He was everything a girl could have ever wanted. Smart, handsome, a steady job, well-dressed, and French, Pierre met all of my requirements for boyfriend material. Our relationship — which lasted a little over a year — began when I was studying in Paris during my junior year abroad. I was lonely and depressed from a series of romantic failures and friendships gone awry, and he was getting over a broken heart. We met in a Parisian café on a cold March night and instantly hit it off. It was just like something out of a cheesy romantic comedy.
Except for the fact that Pierre was 30 years older than me.
I met him right after turning 21; he was 51. While some might be put off by the fact that he could have easily been my father, I have to say that Pierre looked a lot younger than he really was. Without one gray hair on his head, relatively minimal wrinkles, and absolutely no sunspots, he could have passed for a man in his early 40s. Not to mention that he was incredibly sexy in a George-Clooney-cum-Colin-Firth way.
Many people must have thought that our relationship was purely superficial, that I was exploiting him for the benefits that come with age, and that he was nursing a midlife crisis with a naïve college student.
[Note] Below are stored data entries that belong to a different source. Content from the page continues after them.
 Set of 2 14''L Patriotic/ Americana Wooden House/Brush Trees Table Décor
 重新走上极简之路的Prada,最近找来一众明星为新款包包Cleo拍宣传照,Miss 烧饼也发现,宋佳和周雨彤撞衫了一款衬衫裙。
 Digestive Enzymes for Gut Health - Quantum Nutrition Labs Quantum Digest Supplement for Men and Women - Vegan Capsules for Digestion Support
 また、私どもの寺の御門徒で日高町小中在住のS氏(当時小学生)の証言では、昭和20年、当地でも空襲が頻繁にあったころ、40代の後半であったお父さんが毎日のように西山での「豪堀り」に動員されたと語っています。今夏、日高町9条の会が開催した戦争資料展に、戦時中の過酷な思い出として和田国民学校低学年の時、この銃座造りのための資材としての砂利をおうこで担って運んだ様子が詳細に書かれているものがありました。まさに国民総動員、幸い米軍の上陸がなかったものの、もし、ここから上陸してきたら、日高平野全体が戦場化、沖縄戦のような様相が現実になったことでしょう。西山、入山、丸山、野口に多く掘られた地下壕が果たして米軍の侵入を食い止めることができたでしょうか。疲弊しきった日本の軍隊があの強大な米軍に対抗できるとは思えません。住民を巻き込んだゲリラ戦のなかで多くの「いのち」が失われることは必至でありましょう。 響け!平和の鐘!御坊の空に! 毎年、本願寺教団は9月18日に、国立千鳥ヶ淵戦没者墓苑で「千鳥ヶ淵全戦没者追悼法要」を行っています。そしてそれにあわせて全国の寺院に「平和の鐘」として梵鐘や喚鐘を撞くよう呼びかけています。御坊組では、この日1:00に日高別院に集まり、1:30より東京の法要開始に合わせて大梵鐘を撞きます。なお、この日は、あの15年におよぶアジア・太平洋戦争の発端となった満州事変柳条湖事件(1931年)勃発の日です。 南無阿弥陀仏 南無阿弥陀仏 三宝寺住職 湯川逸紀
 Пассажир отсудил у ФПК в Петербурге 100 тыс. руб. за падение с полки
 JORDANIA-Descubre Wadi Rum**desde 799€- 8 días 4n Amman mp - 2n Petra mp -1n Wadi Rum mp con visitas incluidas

But, honestly, it was probably the least superficial romantic experience I’d ever had in my life. Until then, I had only known empty conversations over beer at run-down dive bars; awkward text message exchanges that would always end when I sent something sounding too eager; or, even more common, starting a “casual thing” with someone that would entail “hanging out” once a week — an event that would induce an overwhelming sense of loneliness that only seemed to be magnified by the act of sleeping with someone who didn’t give a shit about me.
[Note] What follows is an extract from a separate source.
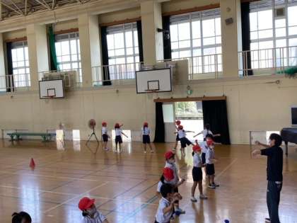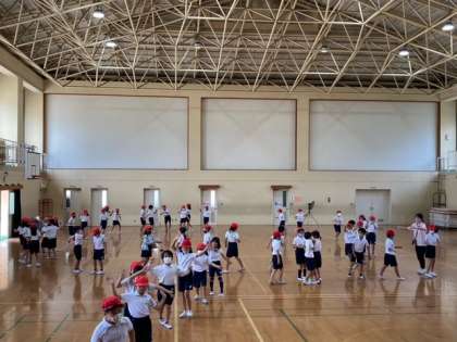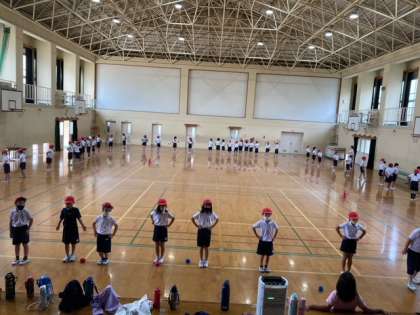台風は過ぎ去っていましたが、地面の状態などから体育館で全体練習をしました。
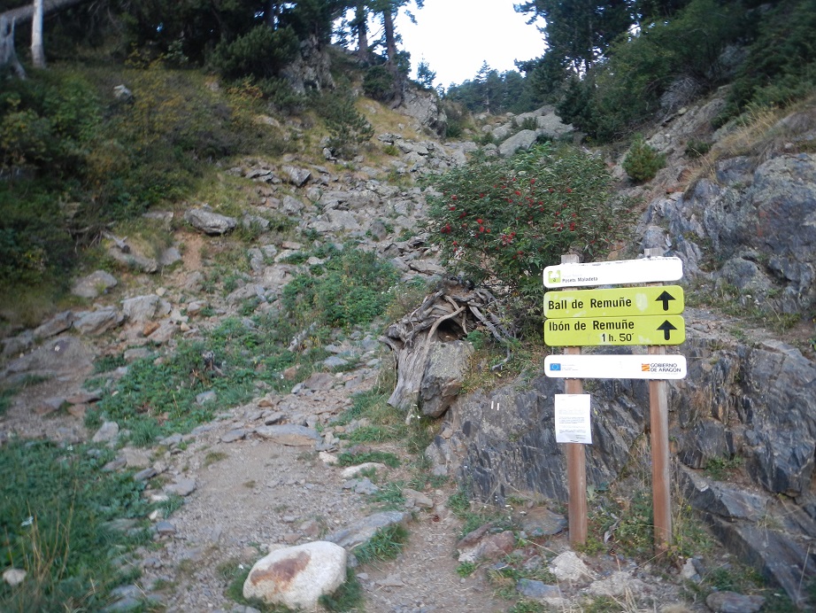 A nuestra izquierda en el sentido de la marcha encontraremos un cartel que da entrada al valle, indicado como Ball de Remuñe.

In a way, Pierre, with all of his 51 years, taught me what it felt like to be in a real, functioning, and healthy relationship. After striking up a conversation with him that night in the café, we ended up talking for what seemed like hours. One thing naturally led to another, and next thing I know we were kissing each other goodnight. I saw him the next day. And the next. And the next. Two weeks following that, he brought me to Rome on a business trip. We never officially became a couple, but the effects of the pasta, wine, and all of Rome’s glorified romanticism never wore off from that moment on.
And we did things that all normal couples did. We went out to dinner, watched movies, texted each other all day long, and, of course, had great sex, especially in the beginning of the relationship. Sometimes we’d bicker over petty things; oftentimes I’d get annoyed with certain habits of his, and he never got used to the fact that I insisted on setting an alarm clock during the weekend. Albeit with a 30-year age difference, we would have probably been a regular, boring couple.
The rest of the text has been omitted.